Seurat Object as Input

pbmc<-readRDS("pbmc3k_rna.rds")
library(Seurat)
library(mixhvg)
object<-CreateSeuratObject(pbmc)
object<-FindVariableFeaturesMix(object,nfeatures=2000)
head(VariableFeatures(object))
# [1] "CD74"  "LYZ"   "IGLC3" "IGKC"  "RPS29" "IGHA1"

One may use FindVariableFeaturesMix to replace the FindVariableFeatures function in the analysis pipeline of Seurat. For example,

object<-CreateSeuratObject(pbmc)
object<-FindVariableFeaturesMix(object)
object<-NormalizeData(object,verbose=FALSE)
object<-ScaleData(object,verbose = FALSE)
object<-RunPCA(object,npcs=30,verbose=FALSE)
object<-RunUMAP(object,dims=1:30,verbose = FALSE)

Matrix as Input

pbmc<-readRDS("pbmc3k_rna.rds")
library(mixhvg)
pbmc_hvg<-FindVariableFeaturesMix(pbmc,nfeatures=2000)
head(pbmc_hvg)
# [1] "CD74"  "LYZ"   "IGLC3" "IGKC"  "RPS29" "IGHA1"

Different Methods

The method.names can take one method or multiple methods for mixture.

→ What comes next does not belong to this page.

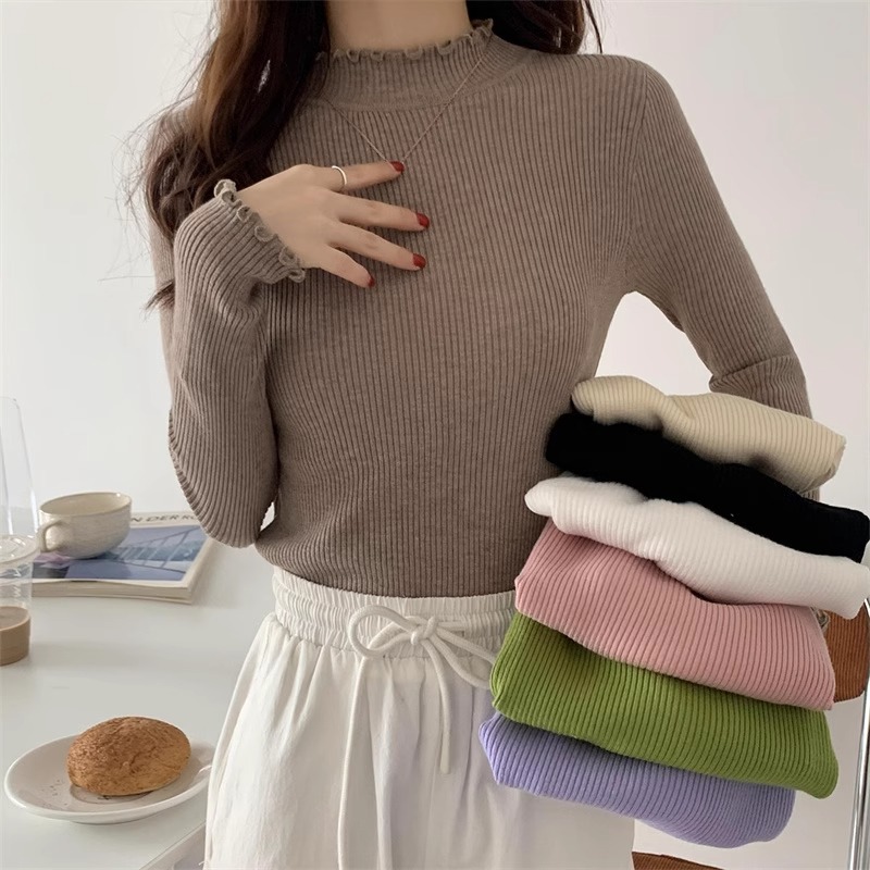 2024年の新型秋の半高襟長袖セーターの女性は木の耳元の弾力性のニットの底のシャツの上着を身に着けます。

pbmc_hvg<-FindVariableFeaturesMix(pbmc,method.names="seuratv3")
pbmc_hvg<-FindVariableFeaturesMix(pbmc,method.names="scran")
pbmc_hvg<-FindVariableFeaturesMix(pbmc,
          method.names=c("scran","scran_pos","seuratv1"))

Method Choices

The following methods can be chosen. And also, any mixture of the following methods is acceptable. For example, the default is c("scran","seuratv1","mv_PFlogPF","scran_pos")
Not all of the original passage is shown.